EXERCISE PROMPT
Transcribe only the lines of the listing below from the one holding "Рис. 2. Поверхностное" through the one holding "山形新幹線によるラ・フランスの荷物輸送", inclusive, without any change.

INPUT MATERIAL
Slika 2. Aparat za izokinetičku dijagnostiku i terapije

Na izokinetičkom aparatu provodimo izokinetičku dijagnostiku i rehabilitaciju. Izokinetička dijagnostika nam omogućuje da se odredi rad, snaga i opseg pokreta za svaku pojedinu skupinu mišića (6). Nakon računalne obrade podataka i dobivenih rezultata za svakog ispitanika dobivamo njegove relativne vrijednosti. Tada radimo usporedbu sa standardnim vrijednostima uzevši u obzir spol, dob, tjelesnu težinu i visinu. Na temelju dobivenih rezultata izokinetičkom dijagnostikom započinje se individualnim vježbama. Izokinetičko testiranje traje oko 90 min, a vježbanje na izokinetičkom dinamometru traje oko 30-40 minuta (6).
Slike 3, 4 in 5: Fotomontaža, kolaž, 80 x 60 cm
---
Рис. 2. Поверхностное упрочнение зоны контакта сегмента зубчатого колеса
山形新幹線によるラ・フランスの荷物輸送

TASK OUTPUT
Рис. 2. Поверхностное упрочнение зоны контакта сегмента зубчатого колеса
山形新幹線によるラ・フランスの荷物輸送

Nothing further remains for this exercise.